=== Task details ===
Everything from the line with "Regionales Gymnasium Laufental-Thierstein" down to the line with "当日は約10名の親子が参加さ" below must be printed exactly, those two lines included. Exclude pictures.

=== Records supplied ===
┄┄┄┄┄┄┄┄┄┄┄┄┄┄┄┄┄┄┄┄

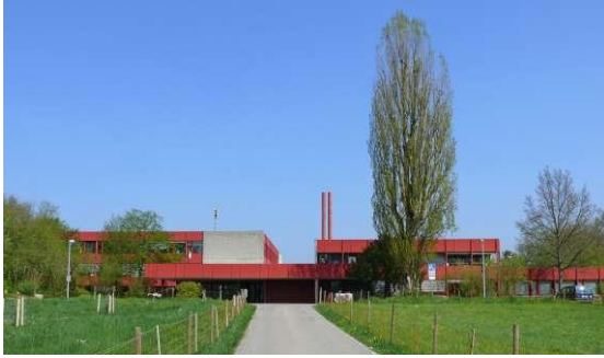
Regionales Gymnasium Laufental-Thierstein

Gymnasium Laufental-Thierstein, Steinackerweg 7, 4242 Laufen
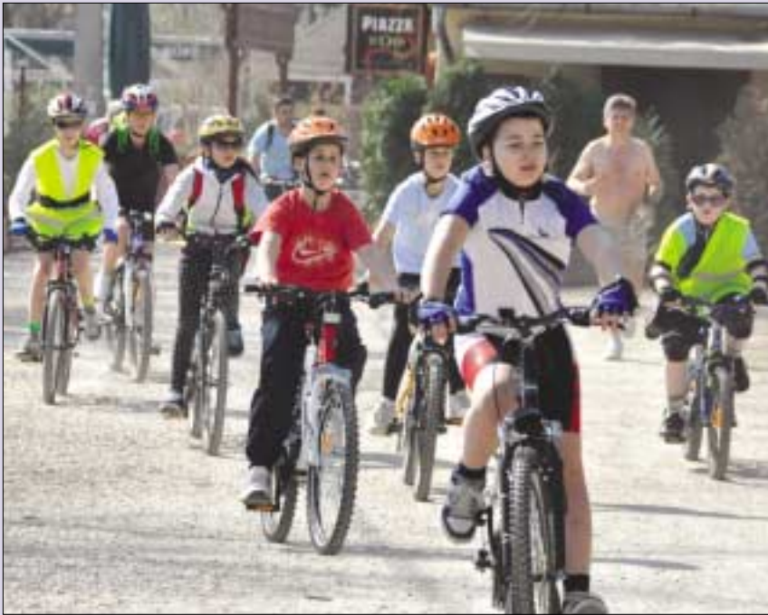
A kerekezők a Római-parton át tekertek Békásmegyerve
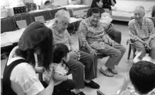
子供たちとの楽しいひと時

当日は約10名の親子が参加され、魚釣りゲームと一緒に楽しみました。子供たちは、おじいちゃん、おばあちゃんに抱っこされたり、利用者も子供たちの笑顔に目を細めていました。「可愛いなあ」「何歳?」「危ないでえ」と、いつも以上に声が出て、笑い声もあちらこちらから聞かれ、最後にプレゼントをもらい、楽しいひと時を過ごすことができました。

┄┄┄┄┄┄┄┄┄┄┄┄┄┄┄┄┄┄┄┄

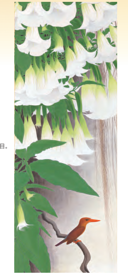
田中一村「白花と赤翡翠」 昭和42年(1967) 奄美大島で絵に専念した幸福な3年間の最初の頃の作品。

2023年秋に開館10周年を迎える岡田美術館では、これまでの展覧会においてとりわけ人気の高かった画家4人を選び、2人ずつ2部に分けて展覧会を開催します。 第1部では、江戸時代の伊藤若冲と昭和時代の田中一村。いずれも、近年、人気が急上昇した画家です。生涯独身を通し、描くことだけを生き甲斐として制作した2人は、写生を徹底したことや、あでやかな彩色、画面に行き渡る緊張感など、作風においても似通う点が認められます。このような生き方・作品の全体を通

┄┄┄┄┄┄┄┄┄┄┄┄┄┄┄┄┄┄┄┄

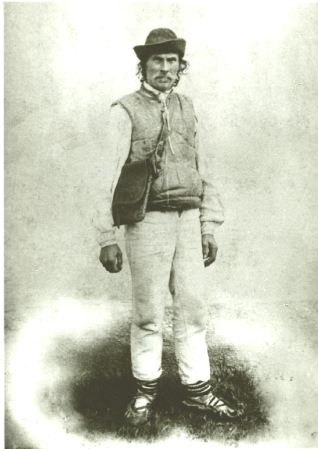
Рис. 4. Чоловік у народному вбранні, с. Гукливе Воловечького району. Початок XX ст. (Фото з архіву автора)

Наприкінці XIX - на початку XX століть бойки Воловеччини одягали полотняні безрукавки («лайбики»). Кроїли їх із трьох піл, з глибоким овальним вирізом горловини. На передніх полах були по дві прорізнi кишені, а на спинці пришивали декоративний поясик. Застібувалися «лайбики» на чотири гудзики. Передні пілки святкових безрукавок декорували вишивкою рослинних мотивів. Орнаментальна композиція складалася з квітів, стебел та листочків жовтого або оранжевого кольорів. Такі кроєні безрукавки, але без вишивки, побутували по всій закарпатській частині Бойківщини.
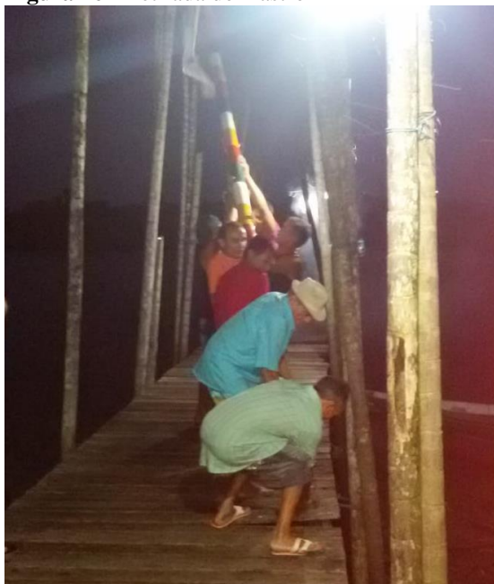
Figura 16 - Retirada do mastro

┄┄┄┄┄┄┄┄┄┄┄┄┄┄┄┄┄┄┄┄

=== Written response ===
Regionales Gymnasium Laufental-Thierstein

Gymnasium Laufental-Thierstein, Steinackerweg 7, 4242 Laufen
A kerekezők a Római-parton át tekertek Békásmegyerve
子供たちとの楽しいひと時

当日は約10名の親子が参加され、魚釣りゲームと一緒に楽しみました。子供たちは、おじいちゃん、おばあちゃんに抱っこされたり、利用者も子供たちの笑顔に目を細めていました。「可愛いなあ」「何歳?」「危ないでえ」と、いつも以上に声が出て、笑い声もあちらこちらから聞かれ、最後にプレゼントをもらい、楽しいひと時を過ごすことができました。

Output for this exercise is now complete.